- Opening Delimiter -
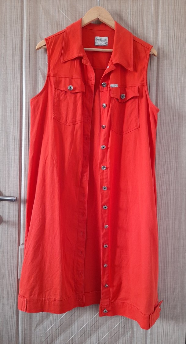 Kolsuz, kırmızı midi elbise, çıtçıtlı ön ve kesimli yaka detayına sahiptir. Keten kumaştan, bol kesim ve günlük rahat sokak stili için idealdir.✨
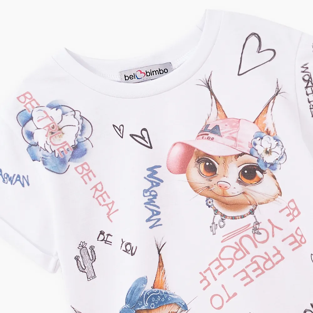 Дизайнерская белая футболка для девочки. Прямая модель. Эластичная горловина. Футболка с авторским принтом декорирована стразами.
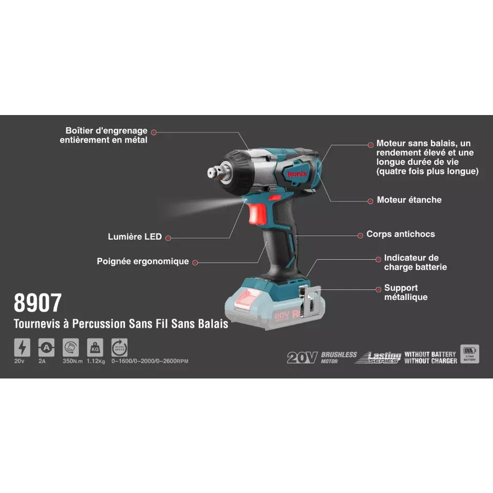 Ronix Model 8907K 20V Cordless Brushless Impact Wrench
- Closing Delimiter -
Return the material in full, word for word, and skip the pictures.

 Kolsuz, kırmızı midi elbise, çıtçıtlı ön ve kesimli yaka detayına sahiptir. Keten kumaştan, bol kesim ve günlük rahat sokak stili için idealdir.✨
 Дизайнерская белая футболка для девочки. Прямая модель. Эластичная горловина. Футболка с авторским принтом декорирована стразами.
 Ronix Model 8907K 20V Cordless Brushless Impact Wrench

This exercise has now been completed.